I’ll wait till LFP-batteries become more readily available for solar storage.

Good numbers either way.
@djwhalen You’re not factoring in you’ll probably have an electric car by then that you can essentially charge for free saving you $50 a week on fuel (that’s what I use anyway) or $2500 a year
@christianityistrue .... you don't lengthen or shorten an ROI it either goes up or down. The payback period will shorten or lengthen and in that you're also incorrect. Any additional personal electricity usage increases the ROI and decreases the payback period as you're taking advantage of the ~10c price difference between what you can sell the power for and what you can buy it for....

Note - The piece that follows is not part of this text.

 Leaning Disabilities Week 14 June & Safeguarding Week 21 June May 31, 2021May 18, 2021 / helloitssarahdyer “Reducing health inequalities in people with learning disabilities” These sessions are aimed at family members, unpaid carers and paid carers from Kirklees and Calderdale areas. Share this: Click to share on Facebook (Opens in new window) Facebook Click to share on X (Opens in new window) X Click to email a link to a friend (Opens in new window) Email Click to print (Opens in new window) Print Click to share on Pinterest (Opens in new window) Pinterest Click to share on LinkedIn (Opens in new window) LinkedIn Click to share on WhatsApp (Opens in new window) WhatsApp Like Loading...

@jink926 Any extra usage of electricity is negative gearing towards ROI. In order to break even it takes time and it’s based on rate; I.e rate of supply vs usage. Supply should be generally stable (dependant on weather condition) but usage can vary greatly and any extra such as charging EV will increase the rate of usage, thus effectively lengthening projected pay pack date (i.e. ROI).

Like you said, ROI is a %, a unit-less figure which in this case is essentially ‘usage vs supply’.

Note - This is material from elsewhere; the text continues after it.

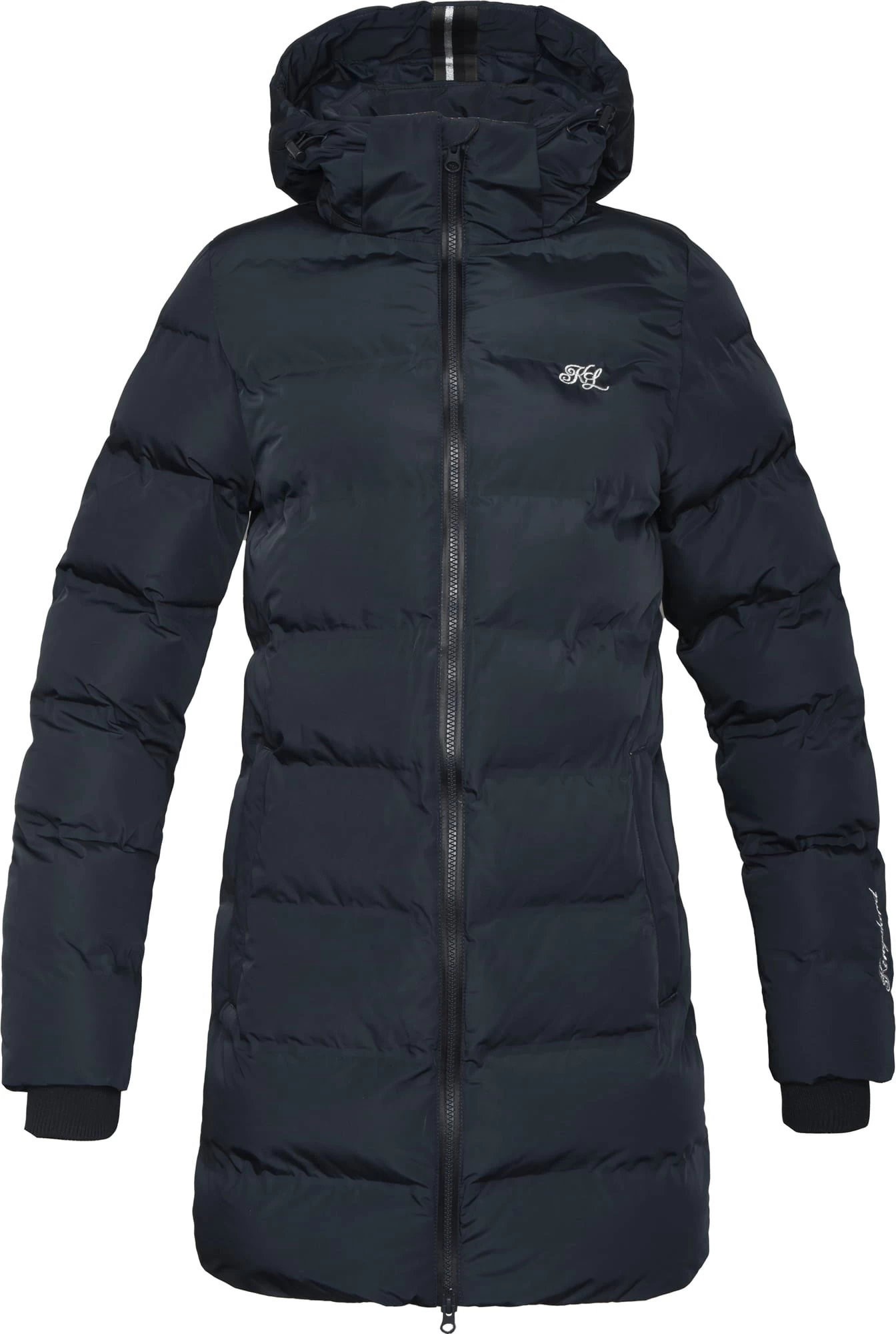 Trotz der üppigen Wattierung zaubert der figurbetonte Schnitt eine schlanke Silhouette. Logo-Applikationen an der Brust und an der Kapuzenrückseite setzen markentypische Akzente.

@christianityistrue That was one giant word vomit and completely incorrect. Just stop digging. Increased personal usage of the electricity you are generating results in an INCREASED ROI due to the due to the delta between your feed in tariff and general electricity purchase rate.
@thinker108 But you’re spending more now because you now have an EV to charge; i.e. it’s reducing the feed in profit because batteries have to be charged longer or instead of feeding in you are using the electricity to charge EV.
@kelbel81 6000 cycles would be some pretty high end batteries. BYD uses LFP cells which typically are rated at 2, maybe 3000 cycles before 80% capacity. Lithium titanium oxide would easily deliver 6000 cycles if not many more but would cost many times as much and take up a lot more space as well.
@kelbel81 The 12c feed in tariff won't be around for long. Current market price for electricity during peak solar is usually ~ 3 to 4 c.

The power companies are being forced by regulation to buy power at above market rates. So they are passing this cost onto other customers so its not achieving emissions reduction just transferring money from people with panels to customers without.